_WHAT IS REQUIRED_
Take the entries that follow and return exactly the lines from the one holding "Summary: A PhD" through the one holding "Szczęki dzielone miękkie", both included. Nothing else is needed.

_EXTRACTED MATERIAL_
* * *

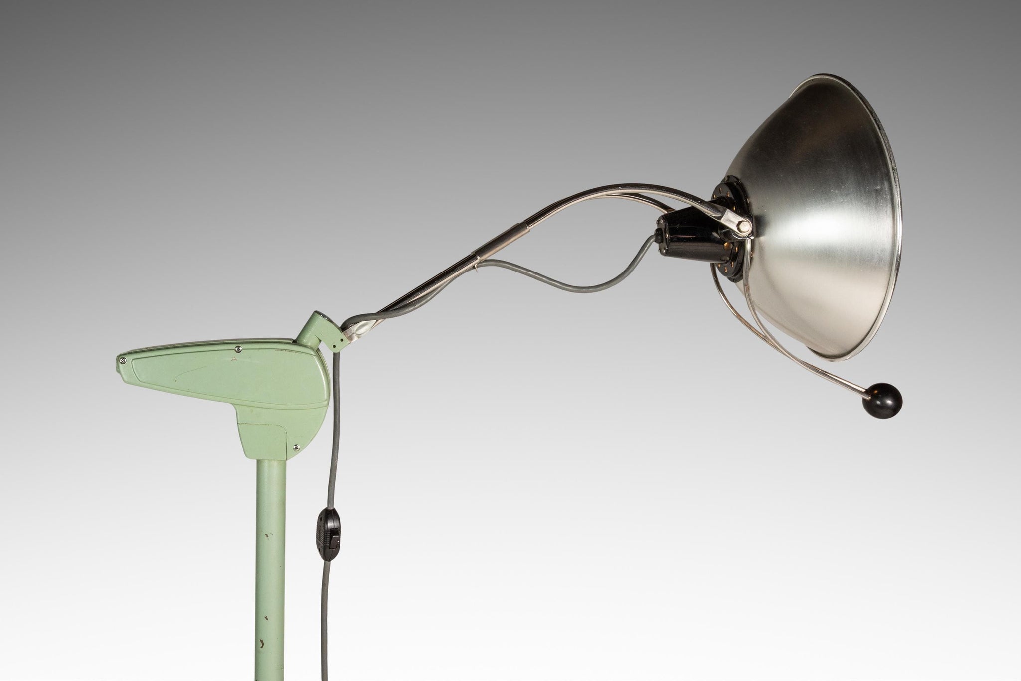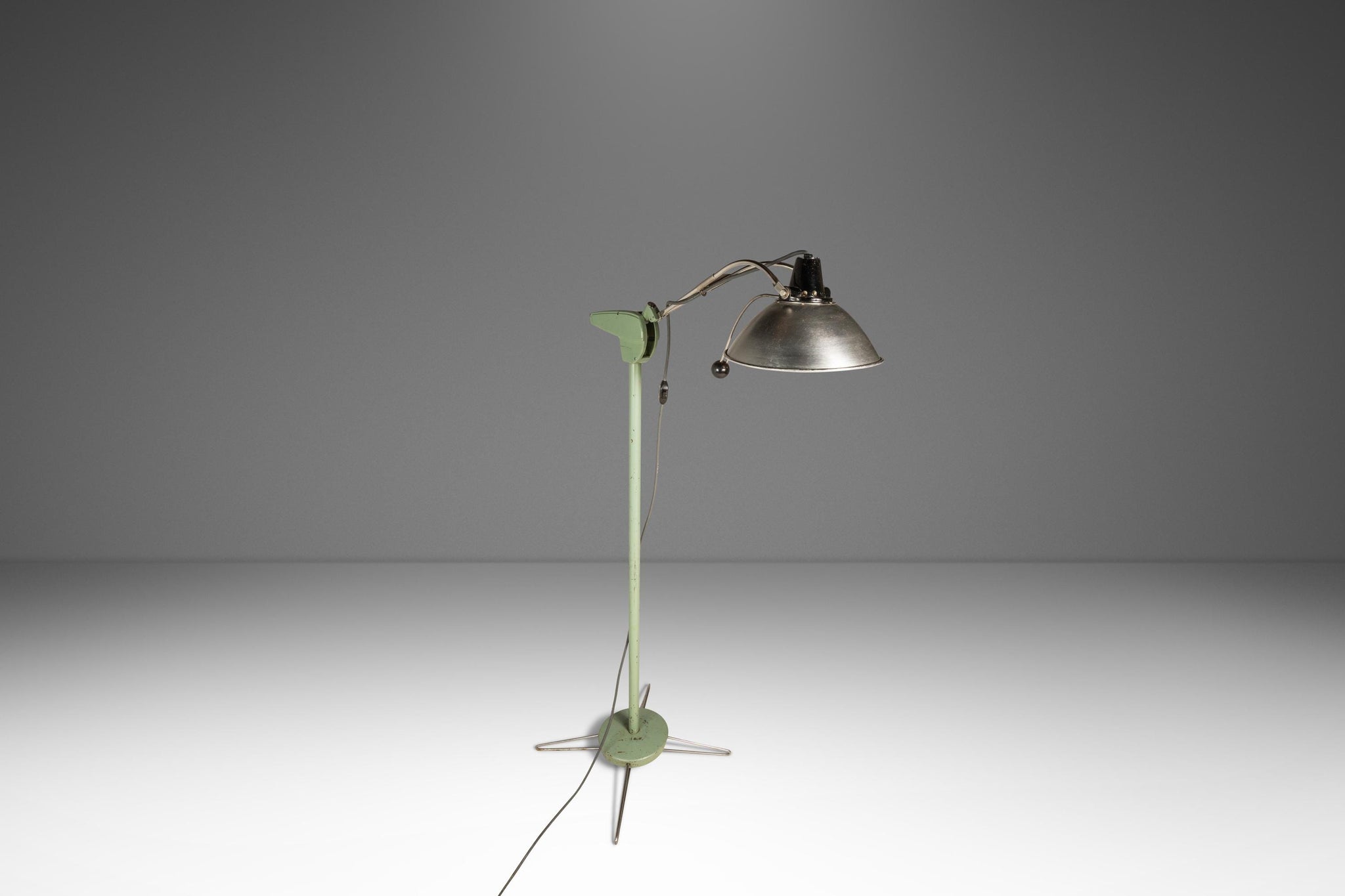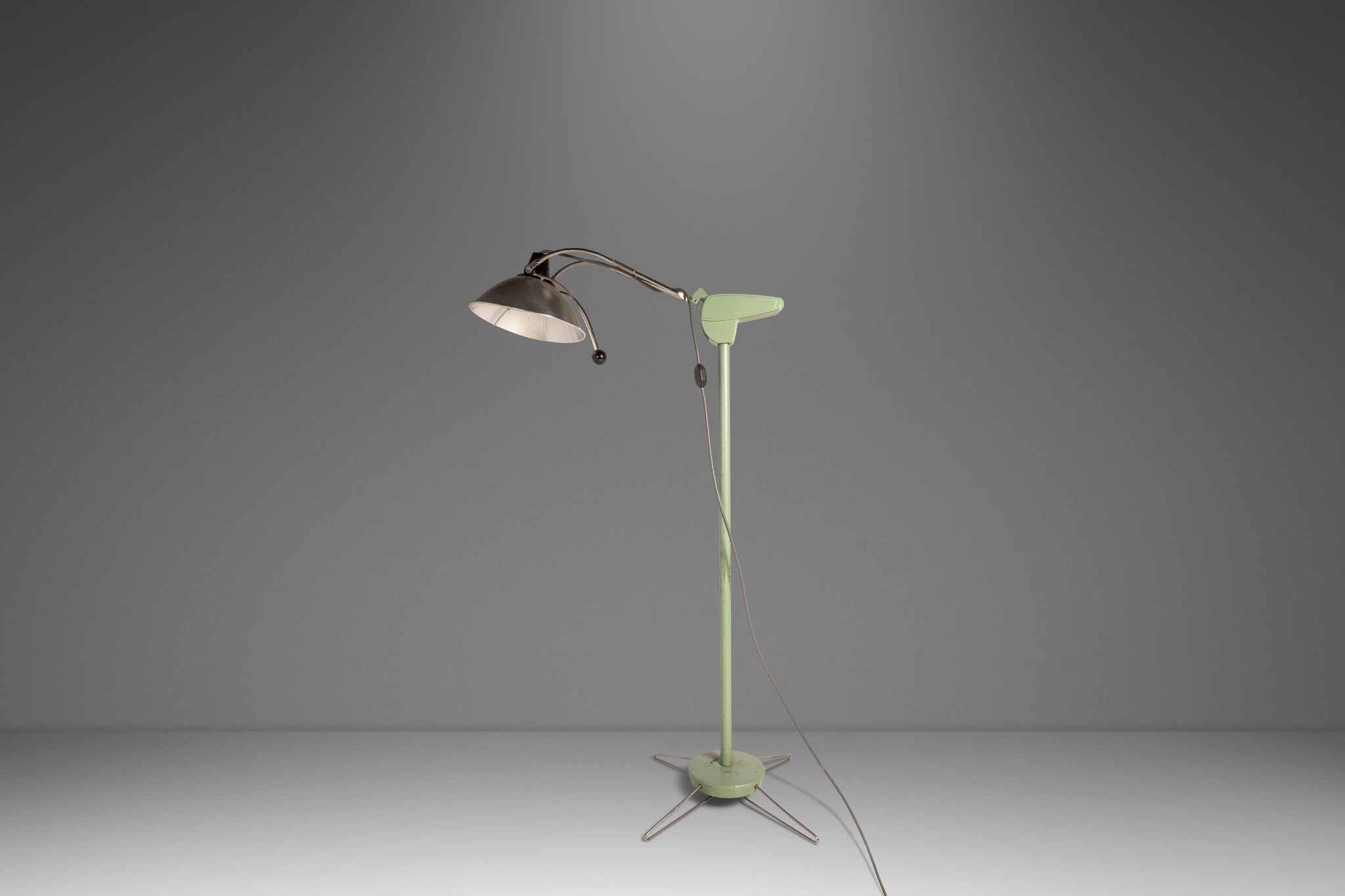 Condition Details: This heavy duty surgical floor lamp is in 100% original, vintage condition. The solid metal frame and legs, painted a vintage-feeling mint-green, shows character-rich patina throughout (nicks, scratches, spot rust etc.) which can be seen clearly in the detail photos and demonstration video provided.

* * *

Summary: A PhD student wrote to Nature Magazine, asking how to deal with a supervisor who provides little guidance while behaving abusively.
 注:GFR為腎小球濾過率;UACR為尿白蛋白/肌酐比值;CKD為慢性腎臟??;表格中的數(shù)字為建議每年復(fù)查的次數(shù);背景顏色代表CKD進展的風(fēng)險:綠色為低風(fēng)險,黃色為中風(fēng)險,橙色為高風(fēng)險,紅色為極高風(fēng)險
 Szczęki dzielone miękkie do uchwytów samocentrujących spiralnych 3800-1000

* * *

_RESPONSE BELOW_
Summary: A PhD student wrote to Nature Magazine, asking how to deal with a supervisor who provides little guidance while behaving abusively.
 注:GFR為腎小球濾過率;UACR為尿白蛋白/肌酐比值;CKD為慢性腎臟??;表格中的數(shù)字為建議每年復(fù)查的次數(shù);背景顏色代表CKD進展的風(fēng)險:綠色為低風(fēng)險,黃色為中風(fēng)險,橙色為高風(fēng)險,紅色為極高風(fēng)險
 Szczęki dzielone miękkie do uchwytów samocentrujących spiralnych 3800-1000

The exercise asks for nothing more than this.